Regulus Black | POV
I still remember the day the Dark Lord asked for an elf to assist him on a task.
I volunteered Kreacher without hesitation.
At the time, it felt like devotion. Duty. Proof of loyalty.
I told myself it was an honor.
That decision unmade me.
I had believed, truly believed, that following the Dark Lord would bring salvation. That the pure-bloods, trampled and diluted, mocked and restrained, would finally reclaim what was rightfully ours. Our customs. Our rituals. Our way of life. I believed we were fighting a necessary war, a revolution that would sweep away decay. And revolutions, I told myself, demanded sacrifice. Pain was the price of change.
Then I saw Kreacher.
Not a symbol. Not a tool. Not a disposable creature.
Just Kreacher. Broken. Crumpled. Writhing.
My unlikely friend.
In that moment, my beliefs did not crack. They dissolved.
The raids I had participated in, the violence I had justified as "necessary," the screams I had learned to ignore, all of it suddenly felt hollow. Meaningless. Not grim necessities of war, but acts of cruelty performed because cruelty had become easy. Habitual. Almost indulgent.
I had steeled my heart before. Told myself this was how the world was remade. But standing there, watching what blind loyalty had done to someone who trusted me, I could no longer lie to myself.
Why did we support the Dark Lord?
We claimed it was to protect our customs, our beliefs, our rituals. To ensure we would never have to hide from Muggles again. To restore order, dignity, supremacy.
But was that truly what we were doing?
Or were we merely vandalizing the world in our own image? Spreading fear because it thrilled us? Breaking things because power demanded proof of itself?
Yes, the Ministry is rotten. Stagnant. Corrupt.
That much is undeniable.
But as the thought took root, another followed, colder and far more damning.
Is that not a mirror of us?
Is our society any less stagnant? Any less corrupt? Cloaked in tradition, drowning in old blood and older grudges, mistaking decay for heritage and cruelty for strength.
We claimed we were saving the wizarding world.
But standing there, with Kreacher's pain burned into my memory, I realized the truth I had been avoiding.
We were not fighting for salvation.
We were becoming the very rot we swore to destroy.
And as the realization settled in, cold and inescapable, I found myself stranded in confusion.
I am Regulus Arcturus Black.
Heir to the Most Ancient and Noble House of Black.
Raised to be a Noble.
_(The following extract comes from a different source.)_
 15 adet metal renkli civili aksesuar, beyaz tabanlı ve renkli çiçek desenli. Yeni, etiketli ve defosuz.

To be superior. To know my place in the world.
Yet I could see no path forward.
The Dark Lord no longer appeared as a savior but as a beacon of death, fear, and carnage. And I… I was one of his instruments. A polished blade wielded in the dark. The Mark on my arm burned like a brand of ownership, a glaring testament to what I now call Glorified Servitude.
I had wanted to be a pioneer of a new age, an agent of Change, an agent of prosperity.
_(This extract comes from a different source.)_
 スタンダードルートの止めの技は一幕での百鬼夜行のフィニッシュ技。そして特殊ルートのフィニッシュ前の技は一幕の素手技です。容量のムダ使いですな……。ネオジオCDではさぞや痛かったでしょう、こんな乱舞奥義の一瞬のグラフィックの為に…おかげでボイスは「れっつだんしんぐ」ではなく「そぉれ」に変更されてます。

Instead, I had become an agent of chaos.
My parents do not understand. Or perhaps they simply do not care. Maybe they never loved me as a son at all. In their pursuit of a perfect heir, an immaculate emblem of nobility, my needs, my doubts, my dreams were irrelevant. I learned early that affection was conditional. Earned through obedience. Maintained through silence.
So I complied.
A dutiful son, desperate to be loved. Desperate to be seen.
I followed their doctrine, and in doing so, I am helping to usher in the doom of wizarding civilization itself.
For all our scorn of Muggles, they are not weak.
They possess no magic, yet they wield weapons capable of erasing cities. Their ingenuity, their relentless curiosity, has driven innovation at a pace we mock and yet secretly fear. By every sober estimate, in another decade or two they will surpass us. Not in raw power, perhaps, but in adaptability. In scale. In resolve.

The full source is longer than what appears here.